Achieving Low-Noise, High-Bandwidth, Nanoscale-Resolution Position Sensing With GMR Sensors

This article presents a low-noise high-bandwidth giant magnetoresistance (GMR) sensor-readout circuit for nanometer resolution position sensing, a critical requirement in several precision applications such as atomic force microscopy. The main impediment to performance is the GMR sensor's significantly higher 1/ f noise extending over large bandwidths, thereby limiting the achievable SNR. Therefore, the sensing system needs to be designed at the system level in order to minimize excess intrinsic noise generation and transmission, as well as external noise pickup. The noise characteristics of the GMR sensor and its readout circuit components, and their effect on SNR, are investigated analytically and experimentally. A general process for designing the readout circuit, applicable not just to GMR sensors but also to other high-1/ f -noise sensors, is presented.
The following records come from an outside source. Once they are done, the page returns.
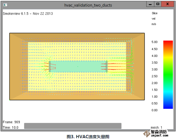 排气口的预期速度为6.25m/s。放置在通风口中堂的气体速度测量装备记录的速度为5.8m/s。请注意,Smokeview会进行插值,这很接近6.25m/s。
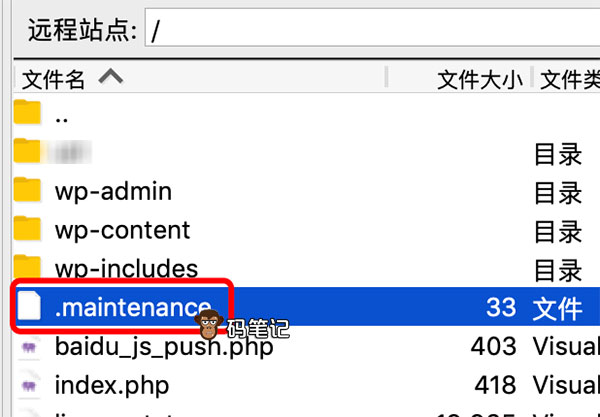 码笔记分享解决方法:WordPress在升级是会在网站根目录下生成一个名为.maintenance的文件,把这个文件删除,网站即可正常打开,如下图所示:
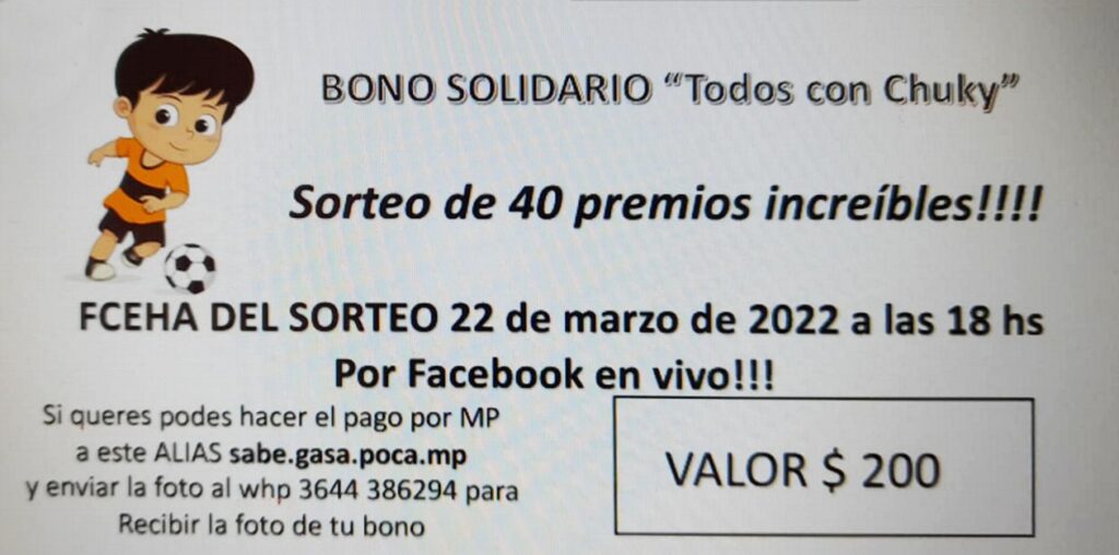 El sorteo se realizará mediante Facebook, con transmisión en vivo el 22 de marzo, aunque quienes puedan y desean colaborar también podrán hacerlo a través del CVU de Mercado Pago 0000003100013981194697. Para cualquier consulta o aporte, también se pondrán contactar con el teléfono 3644-386294.
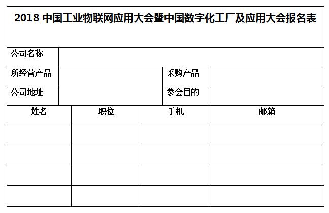 2018中國工業物聯網應用大會暨中國數字化工廠及應用大會報名表
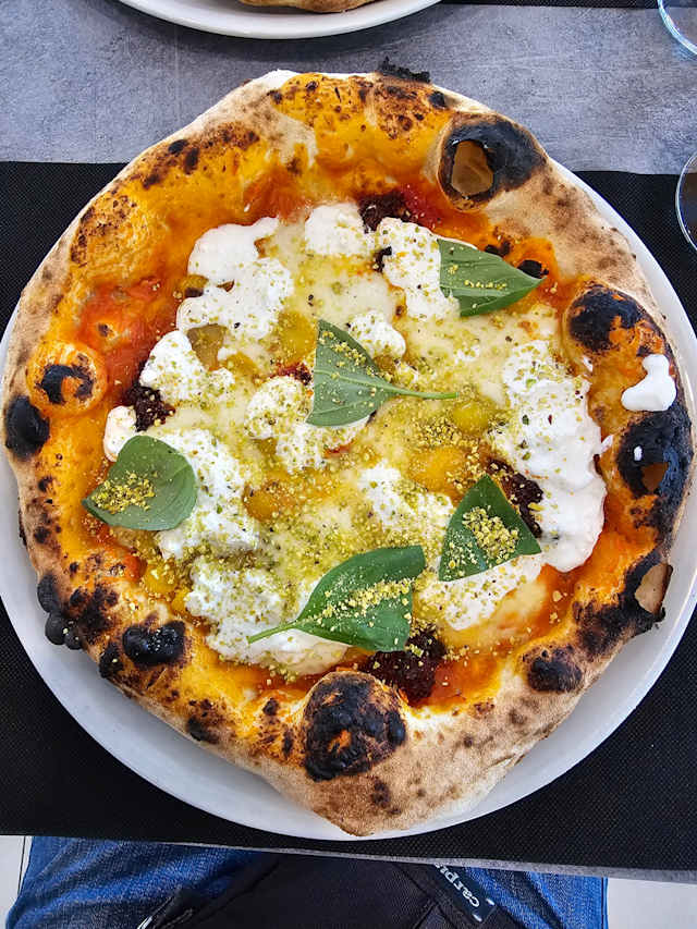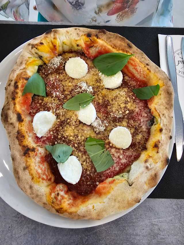 - Base fior di latte, spianata calabra, nduja di spilinga, in uscita tarallo napoletano sbriciolato, fondita di cacio e pepe, olio evo e basilico

A resolution of 2.5 nm over a bandwidth of 100 kHz is demonstrated on an atomic force microscope (AFM) nanopositioner, a ten-fold improvement over previously reported GMR sensor performance and comparable to the state-of-theart, but more complex, capacitive sensors. The readout scheme is simple to implement using commercially available off-the-shelf (COTS) components and easily extendable to even higher bandwidths, unlike other schemes, such as modulation/demodulation, where the requirement for increasingly higher carrier frequencies renders further improvements in bandwidth impractical.

Automated summary

This article presents a low-noise high-bandwidth GMR sensor-readout circuit for precise position sensing in applications like atomic force microscopy. The main challenge is the GMR sensor's high 1/f noise, which limits the achievable SNR. The article investigates the noise characteristics and effect on SNR, and presents a general process for designing the readout circuit. A resolution of 2.5nm over a bandwidth of 100kHz is demonstrated on an AFM nanopositioner, showing significant improvement compared to previous GMR sensor performance.